# [Assignment]
Would you print the listing that follows exactly, but without its pictures?

# [Data]
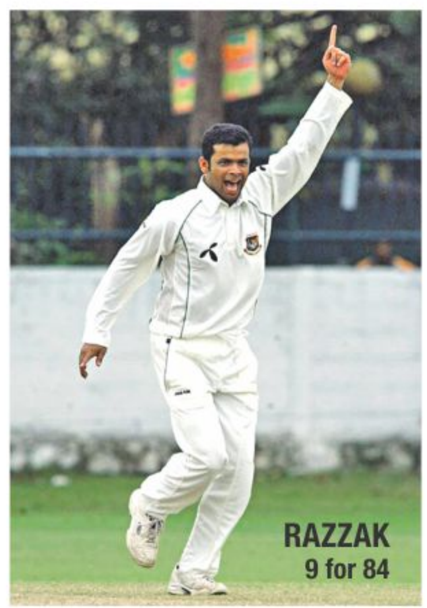
RAZZAK 9 for 84

track and there was nothing on the pitch for the spinners. I always try to give my hundred percent no matter where I'm playing and that's the reason I'm also not thinking about
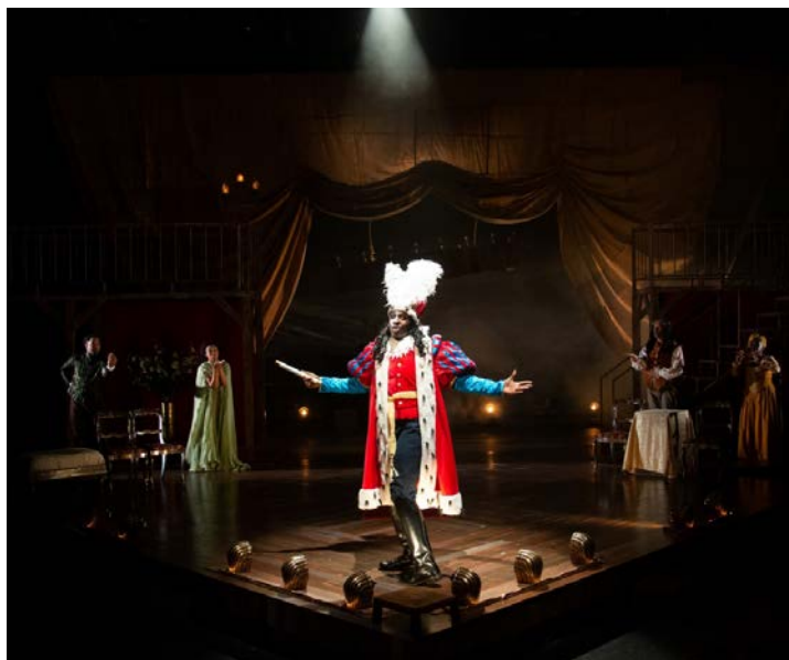
■ GREAT RIVER SHAKESPEARE FESTIVAL, Richard III | WINONA

# [Your response]
RAZZAK 9 for 84

track and there was nothing on the pitch for the spinners. I always try to give my hundred percent no matter where I'm playing and that's the reason I'm also not thinking about
■ GREAT RIVER SHAKESPEARE FESTIVAL, Richard III | WINONA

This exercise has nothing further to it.